Compact formats for debugging—and more
At the 2025 Linux Plumbers Conference in Tokyo, Stephen Brennan gave a
presentation on the debuginfo
format, which contains the symbols and other information needed for
debugging, along with some alternatives. Debuginfo files are large and, he
believes, are a bit scary to customers because of the "debug" in their name.
By rethinking debuginfo and the tools that use it, he hopes that
free-software developers "can add new, interesting capabilities to tools
that we are already using or build new interesting tools
".
He works on the sustaining-engineering team at Oracle, which means that,
unlike many in the room, he is mainly concerned with "fixing bugs in old
released products
" rather than adding new features to the latest
kernel. Fixing bugs in customers' production kernels has "its own set
of challenges
". It has given him some insight into the needs of
enterprise-kernel users, as well, which is what led him to conclude that
debuginfo is not well-liked in that world.
Debuginfo
He introduced debuginfo with a few examples of using GDB on C-language "hello world" binaries built in different ways. Using the strip utility on a binary produced by GCC results in something that is not really debuggable—it lacks symbols and other information so that breakpoints cannot be set, for example. That is kind of self-inflicted; skipping the strip produces a binary with some debugging information, so breakpoints can be set, but it lacks line numbers and other data that would allow single-stepping. Normally, GDB would step by setting a breakpoint at the start of the next line of code, but it lacks the information needed to do so.

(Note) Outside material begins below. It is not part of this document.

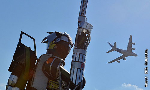 Самолет Airbus А380 во время демонстрационного полета на Международном авиационно-космическом салоне МАКС - 2013 в Жуковском.
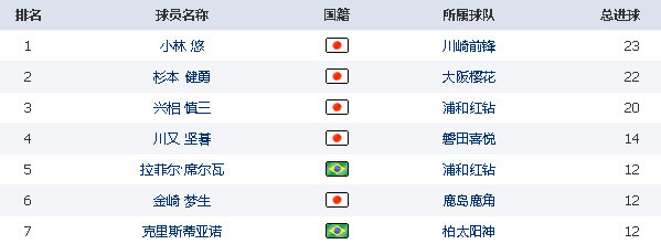 腾讯体育讯 北京时间12月5日 日本J联赛落幕,川崎前锋上演大逆转神奇夺冠。而在射手榜上,日本的本土球员非常强势,前四无一例外都是日本球员。【题】 J联赛射手榜 来自冠军球队川崎前锋的小林悠以23个进球夺得金靴,他的场均进球数达到0.68个。银靴得主是来自大阪樱花的杉本健勇,他打进22球,场均打进0.65球。铜靴获得者是浦和红钻的兴梠慎三,他一共打进20球,场均进0.61球。 排名第四的是磐田喜悦的川又坚碁,共打进14球。一共有3名球员打进12球,并列排名第5,直到此时才出现外援的身影,分别是浦和红钻外援拉斐尔-席尔瓦和柏太阳神前锋克里斯蒂亚诺,另一个也是日本本土球员、鹿岛鹿角中场金崎梦生。 而在中超射手榜上,本赛季前20名中只有武磊1名本土球员,也是中国球员中唯一进球数上双的,郜林以9球排名第21。中国男足备受锋无力问题的困扰,和本土前锋在联赛中能踢主力,能进球的不多有极大关系。 (歌德)

As most people already know, he said, using the "-g" option for
GCC will add DWARF debugging
information to the binary, which will allow "the full fat GDB
debugging experience
". For example, setting a breakpoint on a function
will show the source file and line number rather than just an address;
hitting the breakpoint will show the line of code from the source as well.
In addition, arguments are shown by name with their values. GDB can also
interpret various complex types, such as structures and unions.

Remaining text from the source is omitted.